Пятьдесят лет назад он рецензировал этот первый сборник Ахматовой. Полвека. Эта связь времен тоже испытывала потрясения, но не разорвалась. Укрылась в глубинах. А сейчас восстанавливается.
Что значил Халатов для Жирмунского? Он хотел, чтобы такие, как Халатов, не вторгались в его работу, в его жизнь, не мешали ему заниматься своим делом. А они обычно мешали.
В апреле 1930 года из журнала «Печать и революция», из готового тиража, по приказу Халатова был вырезан портрет Маяковского и приветствие редакции в связи с выставкой «Двадцать лет работы». Это был один из последних ударов, нанесенных поэту.

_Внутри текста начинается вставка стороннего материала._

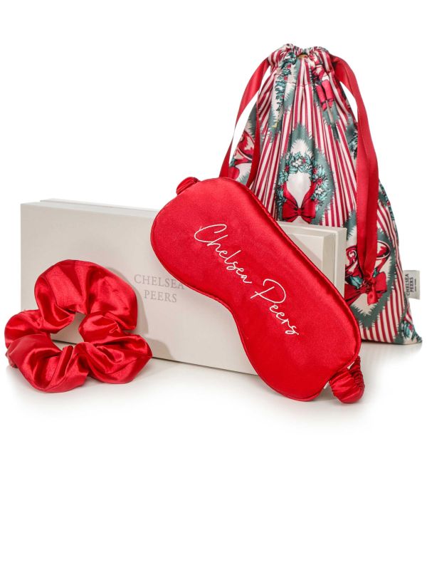 Chelsea Peers Satin Christmas Vintage Tree & Wreath Sleep Mask & Scrunchie Gift Set

Госиздат под начальством Халатова не опубликовал ни одного сборника Ахматовой.
Жирмунский говорит о стихах, которые он знал и любил юношей: «Ахматова создала много замечательных стихов. Далеко не все появились в печати. Но ответственность не на поэте, а на известных обстоятельствах эпохи культа личности…»
Я была тогда с моим народом
Тем, где мой народ, к несчастью, был…
«Известные обстоятельства эпохи культа личности» оказались враждебны и Ахматовой, и Халатову. Есть ли еще хоть что-либо общее в их судьбе?
Жирмунский говорит о гражданственности поэзии Ахматовой, о ее воспитательном значении. В музее Революции тоже говорили о воспитании, о том, что Халатов — пример для молодых.
О молодых людях, для которых примером был бы революционер, большевик, я читаю в иностранных журналах и книгах о новых левых. Их герои — Ленин, Троцкий, Роза Люксембург, Фидель, Хо Ши Мин, Че Гевара, Мао…
Юноши и девушки вокруг меня в большинстве своем пытаются следовать иным образцам.
Поэт Арсений Тарковский сказал: «Музе Ахматовой свойствен дар гармонии, редкий даже в русской поэзии, в наибольшей степени присущий Баратынскому и Пушкину. Ее стихи завершены, это всегда окончательный вариант. Ее речь не переходит ни в крик, ни в песню, слово живет взаимосвечением целого… Мир Ахматовой учит душевной стойкости, честности мышления, умению сгармонировать себя и мир, учит умению быть тем человеком, которым стремишься стать».
«…Сгармонировать себя и мир» — не к этому ли стремились люди, внуки и дети которых собрались в музее Революции? Хотя эта фраза прозвучала бы для них как чужая.
«Язык Ахматовой больше связан с языком русской прозы. Ее произведений не коснулся великий соблазн разрушения формы, то, что характерно для Пикассо, Эйзенштейна, Чаплина».